# Cabinet door at an angle. How can I fix this?



## BobStrauss (Jun 7, 2016)

Just painted some old builder grade cabinets as part of a minor kitchen reno. Put back on the original hinges and noticed the left door of this cabinet tucks in at the bottom, leaning out along the top. Notice how the bottom of the door touches the frame, but the top does not. The right door doesn't have any issues. 

They weren't perfect before we removed the hinges to paint, but now I'm hoping to make them look as good as I can. I even bought a new, more adjustable hinge (as seen in the photo), but it didn't make any difference. 

Any suggestions? Could I use a shim to fix this, and if so, where should I put it (yes, I am an idiot).


----------



## nealtw (Jun 7, 2016)

The screw in the middle of the *last *picture is the in, out adjustment.
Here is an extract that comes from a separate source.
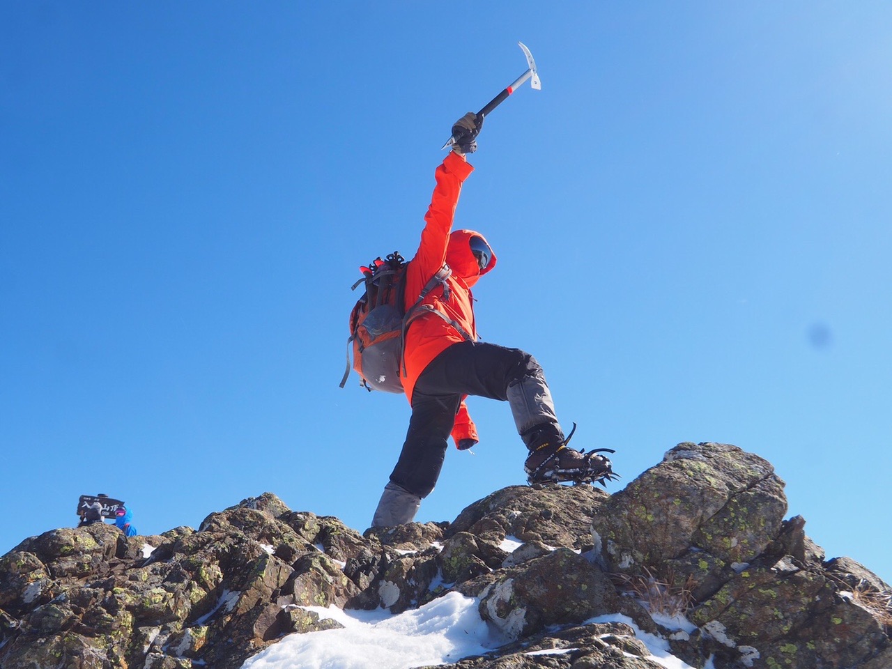 初めてピッケルを購入して持って行った登山なので、ノリノリで写真をとっています笑

Loosen the bottom one move the door out just a little.
The screw in to the cupboard box is the up down adjustment.


----------



## BobStrauss (Jun 7, 2016)

That screw doesn't loosen the door, it just rolls up and down to adjust the way it points at the other door. It has no effect on loosening the hinge or how far the door sits out from the frame.


----------



## nealtw (Jun 7, 2016)

BobStrauss said:


> That screw doesn't loosen the door, it just rolls up and down to adjust the way it points at the other door. It has no effect on loosening the hinge or how far the door sits out from the frame.



That's no fun, loosen the main body and slip a spacer behind it to move the door out


----------